§ **ASSIGNED TASK**:
Using the data that follows, give again word for word the lines between the one holding "Focused businesswoman working" and the one holding "Solid wood Animals", inclusive. Omit the pictures.

§ **SOURCE DATA**:
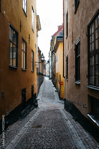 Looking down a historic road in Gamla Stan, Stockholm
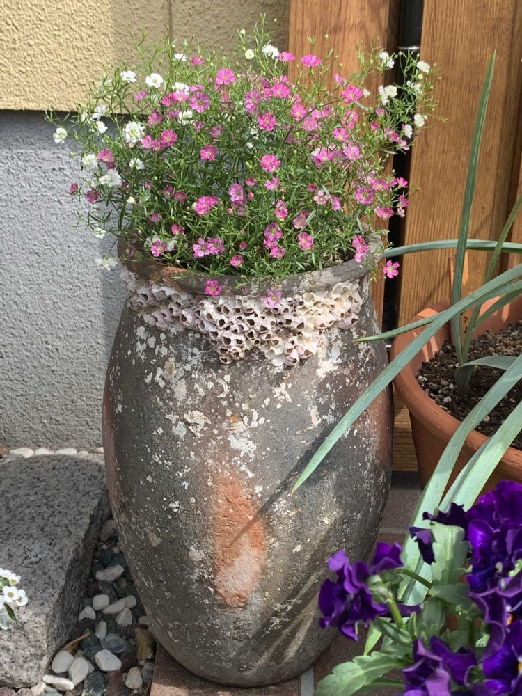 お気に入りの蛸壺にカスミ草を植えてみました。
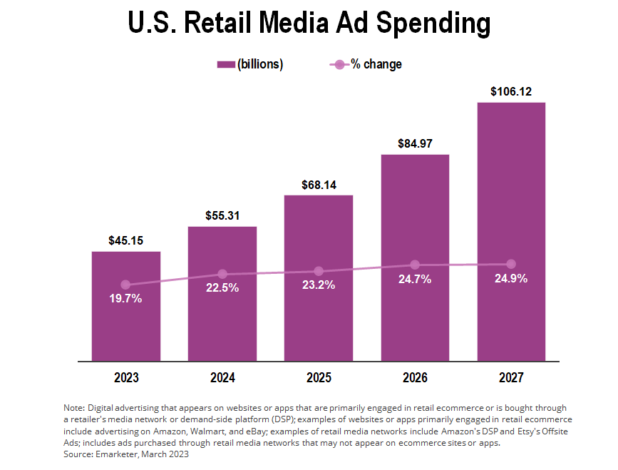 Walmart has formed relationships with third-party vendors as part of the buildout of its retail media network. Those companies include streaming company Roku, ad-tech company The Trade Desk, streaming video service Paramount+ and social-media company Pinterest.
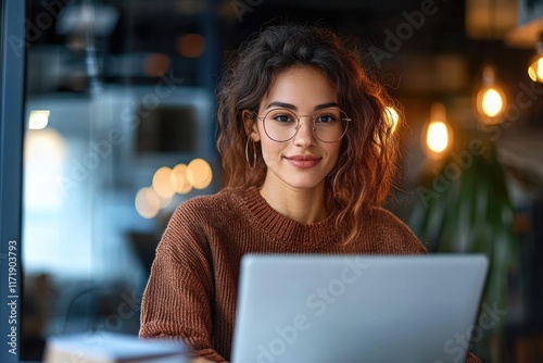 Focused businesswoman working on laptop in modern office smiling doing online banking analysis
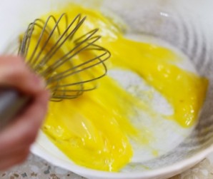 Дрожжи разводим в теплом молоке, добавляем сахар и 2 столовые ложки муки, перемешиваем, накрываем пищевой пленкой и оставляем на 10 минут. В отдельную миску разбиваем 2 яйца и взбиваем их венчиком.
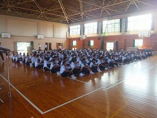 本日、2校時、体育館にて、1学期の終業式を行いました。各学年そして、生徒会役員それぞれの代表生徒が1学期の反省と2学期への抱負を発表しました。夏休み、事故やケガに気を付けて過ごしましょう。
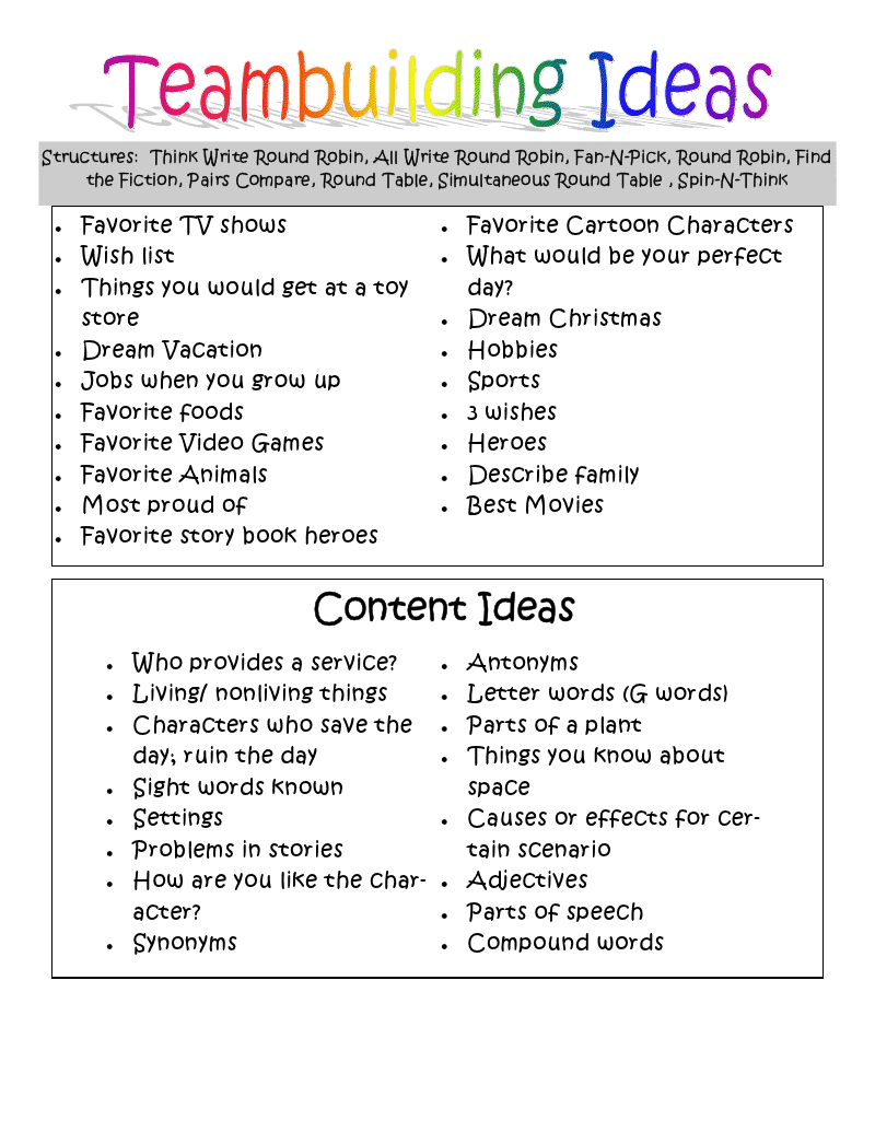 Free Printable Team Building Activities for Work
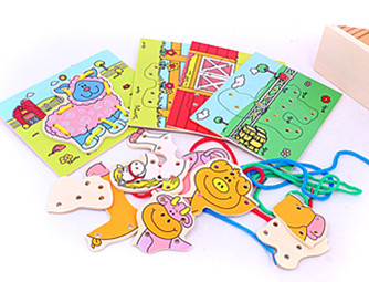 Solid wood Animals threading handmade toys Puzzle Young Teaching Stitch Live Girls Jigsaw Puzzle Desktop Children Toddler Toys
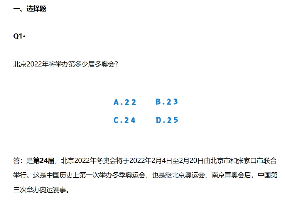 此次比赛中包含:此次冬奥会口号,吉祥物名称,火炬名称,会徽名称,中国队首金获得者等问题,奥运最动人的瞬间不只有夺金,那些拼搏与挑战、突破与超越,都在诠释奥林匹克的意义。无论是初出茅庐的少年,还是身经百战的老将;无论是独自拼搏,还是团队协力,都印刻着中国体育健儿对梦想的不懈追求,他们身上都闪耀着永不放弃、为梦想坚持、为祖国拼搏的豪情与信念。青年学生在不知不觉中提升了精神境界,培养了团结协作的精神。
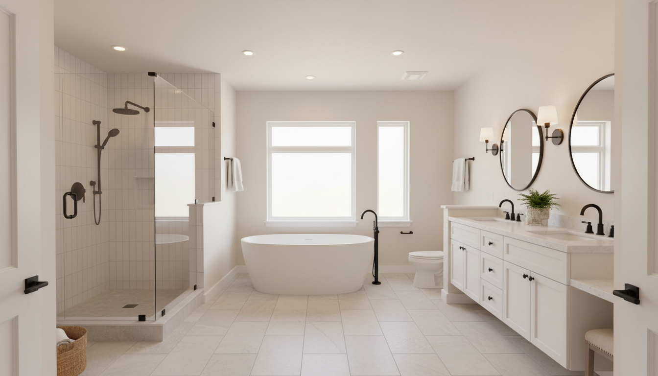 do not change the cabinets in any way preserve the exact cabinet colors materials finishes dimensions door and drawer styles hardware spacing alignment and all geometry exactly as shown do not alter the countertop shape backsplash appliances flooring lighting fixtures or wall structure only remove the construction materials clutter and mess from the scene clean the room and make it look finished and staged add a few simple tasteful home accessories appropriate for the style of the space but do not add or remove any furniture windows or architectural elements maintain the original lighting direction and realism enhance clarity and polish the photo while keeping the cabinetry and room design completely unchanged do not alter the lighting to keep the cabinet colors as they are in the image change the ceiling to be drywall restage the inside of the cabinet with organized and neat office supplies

§ **REPLY**:
 Focused businesswoman working on laptop in modern office smiling doing online banking analysis
 Дрожжи разводим в теплом молоке, добавляем сахар и 2 столовые ложки муки, перемешиваем, накрываем пищевой пленкой и оставляем на 10 минут. В отдельную миску разбиваем 2 яйца и взбиваем их венчиком.
 本日、2校時、体育館にて、1学期の終業式を行いました。各学年そして、生徒会役員それぞれの代表生徒が1学期の反省と2学期への抱負を発表しました。夏休み、事故やケガに気を付けて過ごしましょう。
 Free Printable Team Building Activities for Work
 Solid wood Animals threading handmade toys Puzzle Young Teaching Stitch Live Girls Jigsaw Puzzle Desktop Children Toddler Toys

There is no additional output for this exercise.